Kubernetes Example Not Working As Expected

Jason_Taylor · September 23, 2020, 1:01pm

Hello,

We recently decided to evaluate using Yugabyte with Kubernetes in GKE, we are using yugabytedb-2.3.0.0-b176.

As we could not directly use helm, we instead used the helm template command to generate the YAML files and added our business level annotations. We are using GKE zonal-ssd for the storage class.

The cluster starts up fine and we are able to see the UI, everything reports as up etc and no errors in the log files.

However, as soon as we try to connect using ysqlsh after port forwarding the yb-tserver, the following error is shown:
ysqlsh: FATAL: Not found: Table 000000010000300080000000000004ec not found in Raft group 00000000000000000000000000000000

From the UI I can see this listed in system tables and I have not spotted any errors. Please note we have not modified the YAML other than the storage class and adding some custom annotations for our infrastructure.

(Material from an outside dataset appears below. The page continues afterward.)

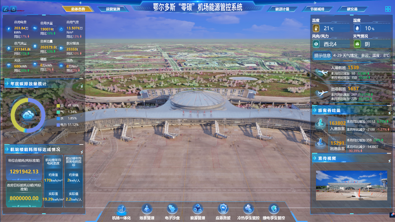 龍軟科技承建的鄂爾多斯零碳機場能源管控系統(tǒng)

EDIT: On a teardown, deleting PVC, and recreating I sometimes see

E0923 13:16:01.532014    31 master.cc:267] Master@10.242.31.7:7100: Unable to init master catalog manager: Illegal state (yb/tablet/tablet.cc:697): Unable to initialize catalog manager: Failed to initialize sys tables async: IO error (yb/rocksdb/util/env_posix.cc:601): /mnt/disk0/yb-data/master/data/rocksdb/table-sys.catalog.uuid/tablet-00000000000000000000000000000000/MANIFEST-000011: No such file or directory
F0923 13:16:01.532127     1 master_main.cc:131] Illegal state (yb/tablet/tablet.cc:697): Unable to initialize catalog manager: Failed to initialize sys tables async: IO error (yb/rocksdb/util/env_posix.cc:601): /mnt/disk0/yb-data/master/data/rocksdb/table-sys.catalog.uuid/tablet-00000000000000000000000000000000/MANIFEST-000011: No such file or directory
Fatal failure details written to /mnt/disk0/yb-data/master/logs/yb-master.FATAL.details.2020-09-23T13_16_01.pid1.txt
F20200923 13:16:01 ../../src/yb/master/master_main.cc:131] Illegal state (yb/tablet/tablet.cc:697): Unable to initialize catalog manager: Failed to initialize sys tables async: IO error (yb/rocksdb/util/env_posix.cc:601): /mnt/disk0/yb-data/master/data/rocksdb/table-sys.catalog.uuid/tablet-00000000000000000000000000000000/MANIFEST-000011: No such file or directory
    @     0x7ffbf3238f6c  yb::LogFatalHandlerSink::send()
    @     0x7ffbf2419376  google::LogMessage::SendToLog()
    @     0x7ffbf24167da  google::LogMessage::Flush()
    @     0x7ffbf24198a9  google::LogMessageFatal::~LogMessageFatal()
    @           0x409476  yb::master::MasterMain()
    @     0x7ffbee06f825  __libc_start_main
    @           0x408829  _start
    @              (nil)  (unknown)

in the master. However, this seems to be transient i.e. it is only in 1 of the 3 master pod replicas.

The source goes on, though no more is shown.